Atlantis? Not likely.
If you believe in numerous 'near-extinction' events, as I do (most recently at 540AD, The Dark Ages), it is amazing that any information from our distant past makes it through that 'filter(s).' Any information that survives through these events at all is amazing and likely to be very sketchy, garbled and misinterepted. (most certainly we have many things wrong.) Plutarch, visited Carthage years after it was sacked and reported seeing records in the ruins of transAtlantic trade with a great power on the western side of the Atlantic. (The Sea People?)
Sea People
The ancient Near East saw monumental changes in the 13th century BCE. The palace cultures of Crete, Mesopotamia, Canaan, and Hattu vanished en mass. Though the reasons for their disappearance remains difficult to pin down, one major factor appears to have been the migrations of the Sea Peoples.
We first hear of the Sea peoples during the reign of Merneptah (1224-1214 BCE) who describes a group of mixed ethnic affiliation attacking his Western frontier by land, and Northern flanks by Sea. The mention of Libyans among the Sea Peoples as arriving in wagon hordes with families suggest that the movements were economically motivated or the result of a large-scale famine.
The Sea Peoples are again mentioned during the reign of Merneptahs successor Ramesses III (1182-1151 BCE) who in his eight year states:
"The foreign countries formed a conspiracy in their islands. All at once the lands were removed and scattered in the fray. No land could stand before their armies; they desolated people(s). They came toward Egypt; their confederation included the Philistines, Tjaker, Shekelesh, Danuna, and Weshesh, lands united."
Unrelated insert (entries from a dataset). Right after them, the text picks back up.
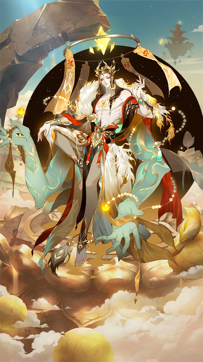 孔雀明王,佛界领袖之一,毗卢遮那如来忿怖相。擅驱邪毒恶疾,能身化多臂,虽是明王却现慈悲相。神器众多,以莲华、俱缘、吉祥、孔雀尾最为人知。传世《孔雀明王经》,颂之可除害息灾。
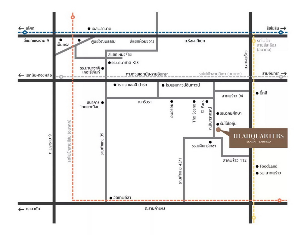 เฮดควอเทอร์ส เอกมัย-ลาดพร้าว บรรยากาศการทำงานแห่งใหม่ ในทำเลที่ทุกคนคุ้นเคย -เดินทางเข้าออกได้หลายทาง ใกล้ จุดขึ้นลงทางด่วน เอกมัย-รามอินทรา, ถ.รามคำแหง, ถ.ลาดพร้าว และแนวรถไฟฟ้าสายสีเหลือง (โครงการในอนาคต), สี่แยกห้วยขวาง,MRT ลาดพร้าว และ สี่แยกพระราม9 -แวดล้อมด้วยห้างสรรพสินค้า อาทิ @PARK, The Scene, ต้นซุง อเวนิว, BIG C ลาดพร้าว, CENTRAL EASTVILLE, THE CRYSTAL และ CDC -ใกล้สถานศึกษา อาทิ โรงเรียนอุดมศึกษา, โรงเรียนบดินทร์เดชา, ม.รามคำแหง, โรงเรียนนานาชาติเดอะรีเจ้นท์, โรงเรียนนานาชาติ KIS และ ม.อัสสัมชัญ (ABAC) -ใกล้สถานพยาบาล อาทิ โรงพยาบาลลาดพร้าว และ โรงพยาบาลพระราม9 -ใกล้โรงแรม TOWN IN TOWN และ โรงแรม SC PARK
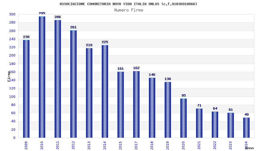 | Anno | Firme | Importi | Media | Naz. | Reg. | Prov. | Comu. |
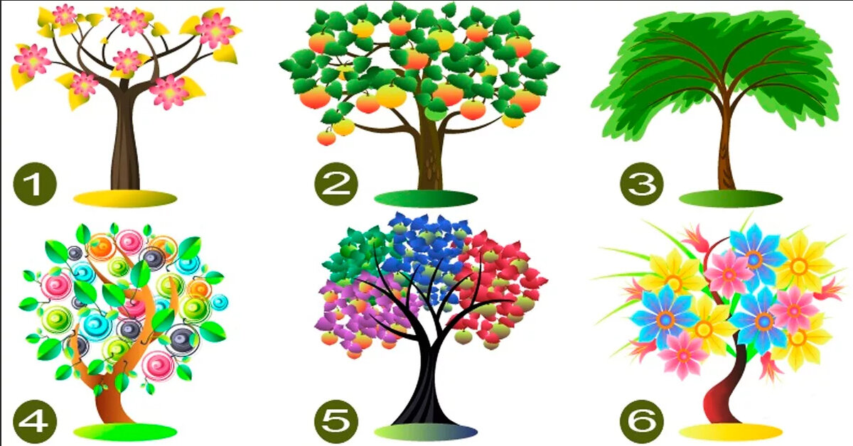 Посмотрите на картинку и выберите то дерево, которое вам нравится больше всего. Его номер — и есть ваш результат. Номер 1 Вы ответственный, спокойный, скромный, при должном настрое — предприимчивый. Боитесь конфликтов, стараетесь достичь во всем гармонии и расстраиваетесь, если это не выходит. Давайте себе и другим право на ошибку. Номер 2 Честный, верный, отдающий себя до последней капли и в работе, и в отношениях. Только не взваливаете ли на себя слишком много? Учитесь расставлять приоритеты. Номер 3 С головой выдает выдумщика — человека идейного и изобретательного. Равнодушие окружающих вас расстраивает. И щите единомышленников — они станут необходимой «подзарядкой». Номер 4 Любопытны, артистичны, тонко чувствуете красоту, умеете сопереживать. Из минусов — бываете капризны, иногда чрезмерно сочувствуете окружающим. Номер 5 Выбор активных, решительных и целеустремленных. Таким не занимать упрямства и трудоголизма — главное, чтобы эти качества были не во вред вам и отношениям с близки
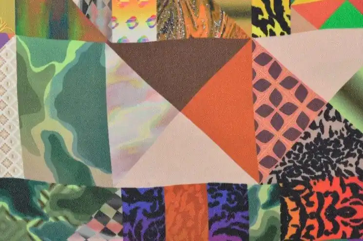 Mooie glanzende viscose stof met een print van abstracte vlakken.
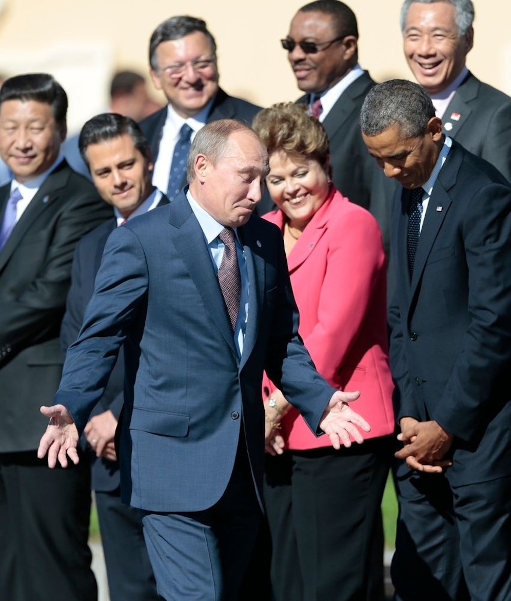 "Here he comes" ("Hier kommt er") - sagte Obama, als der Gastgeber in St. Petersburg als letzter zu den Staats- und Regierungschefs der 20 führenden Wirtschaftsnationen trat. Als Putin an seinem Kollegen in der ersten Reihe vorbeiging, schaute der US-Präsident zu Boden. Und auch Putin suchte keinen Augenkontakt.
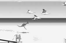 澳大利亚篇要比拼的是飞行技能,企鹅自然是飞不起来的,但却能搭乘迁徙候鸟的便机,首先通过雪人将空中后,紧张的飞行之旅便开始了。由于负重增加要保持候鸟的正常飞行就需要不断的扇动翅膀,界面下方有一条候鸟的力槽,每点击鼠标扇动一下翅膀便要耗费些许力气,而滑行则可少量恢复,企鹅坠地游戏结束。掌握好滑行与扇动翅膀的节奏很重要。
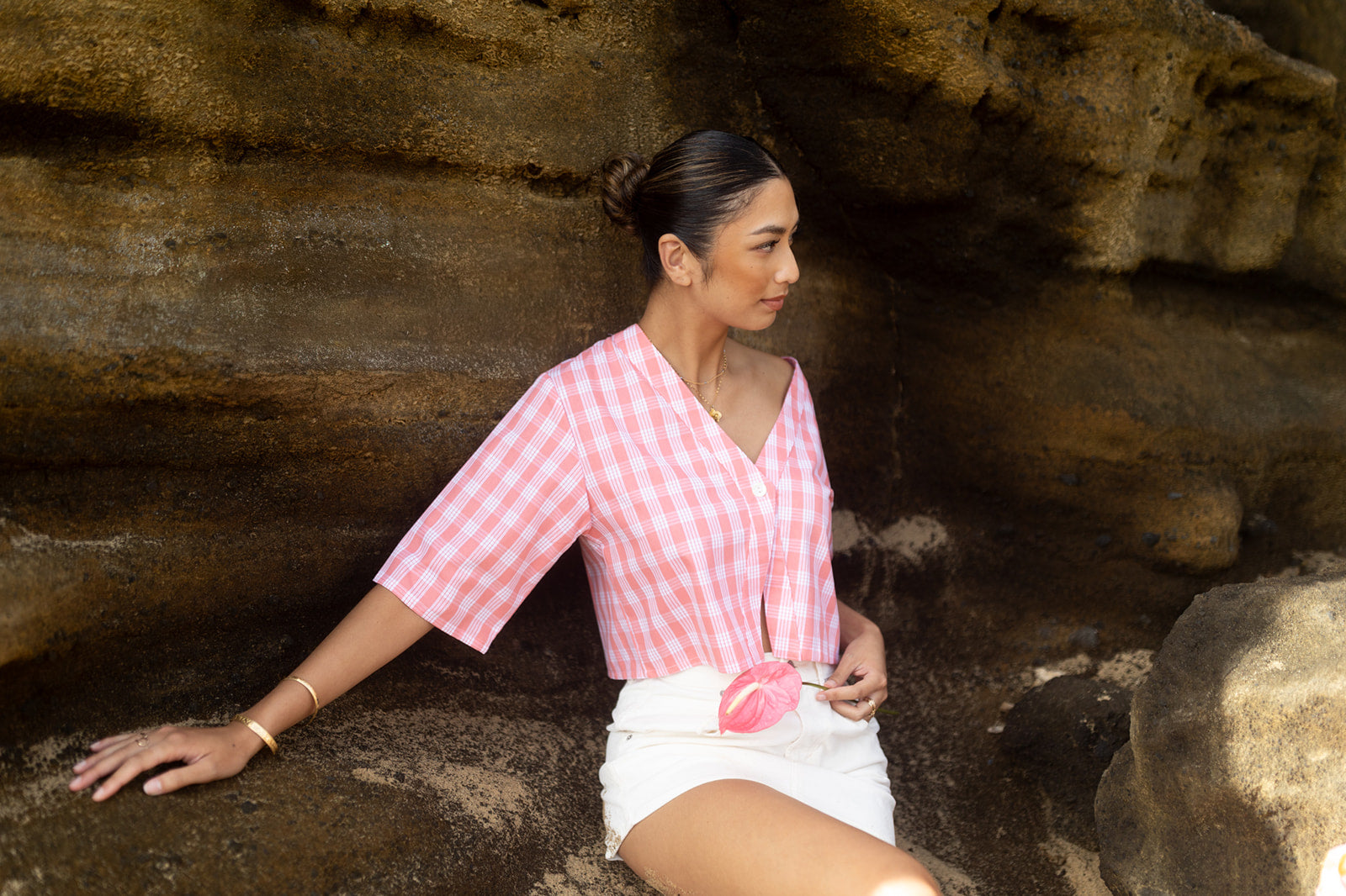 A half-sleeve cropped, one button blouse. For a little fun and a whole lot of fashion.

Since several of the groups named do not appear also in Merneptahs list, scholars have seen this second movement of Sea People as symptomatic of a larger Near Eastern crisis.
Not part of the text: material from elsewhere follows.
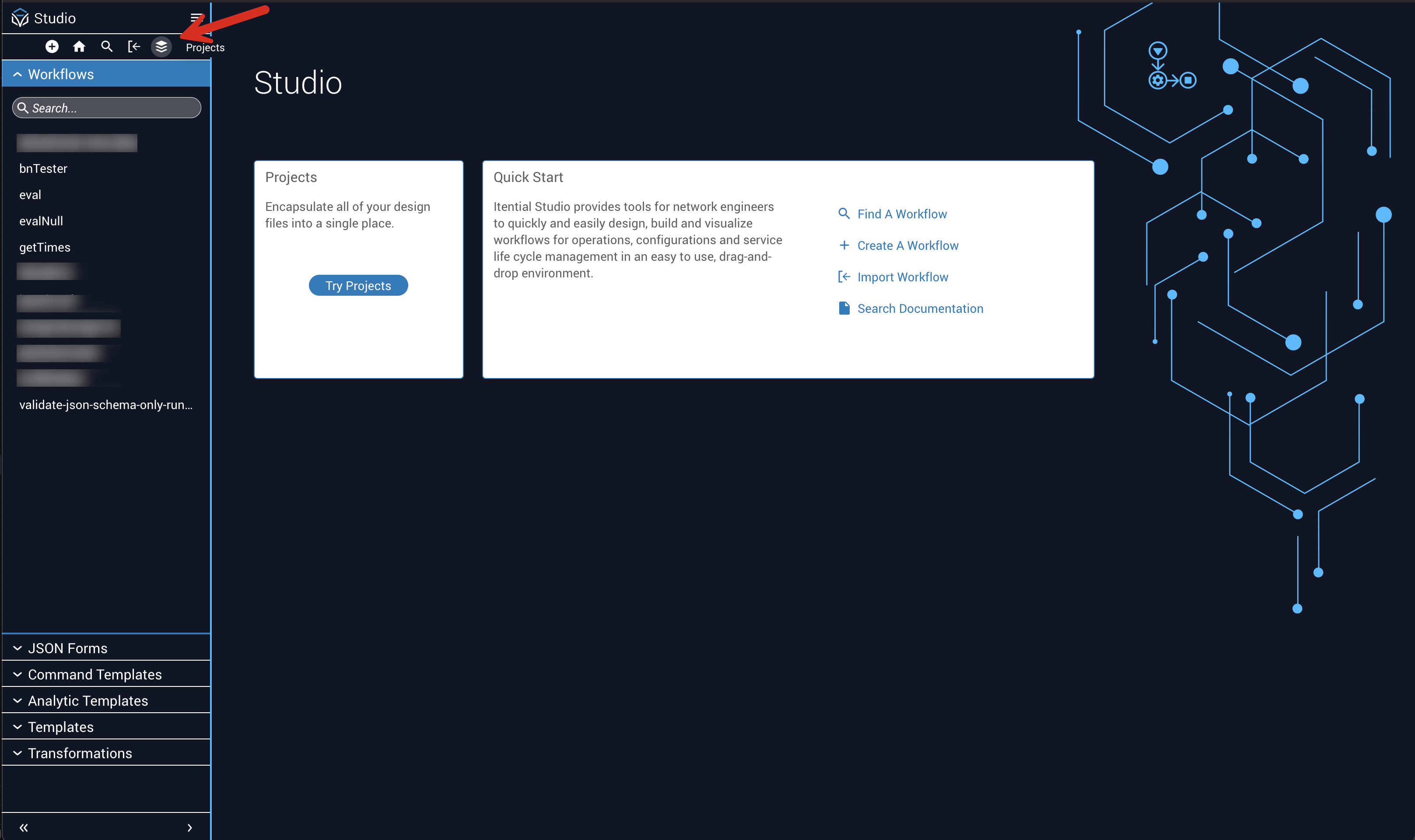 Projects is the section of Studio where you organize and edit related design‑time assets such as workflows, forms, and templates.

The Philistines, who first appear here, emerge later in the biblical record as the archenemies of the Israelites. In any event, the result of the Sea Peoples attack was disastrous for Egypt, for Egypt was plunged into a sort of dark age
The ruins at North Salem seem to be of Mediterranean style, possibly Phoenician, dated about 1000 BC. There isn't much question that the Phoenicians were most active just before the rise of what I call modern civilization [Rome]. Hapgood said that he believed the Phoenician era was actually between civilized times, that there seem to have been well-developed civilizations before Phoenicians and those civilizations had declined to practical non-existence. Hapgood also happened to be from a town where there is an underground culture that believes the earth flips on its axis now and then. The idea of catastrophe runs deep.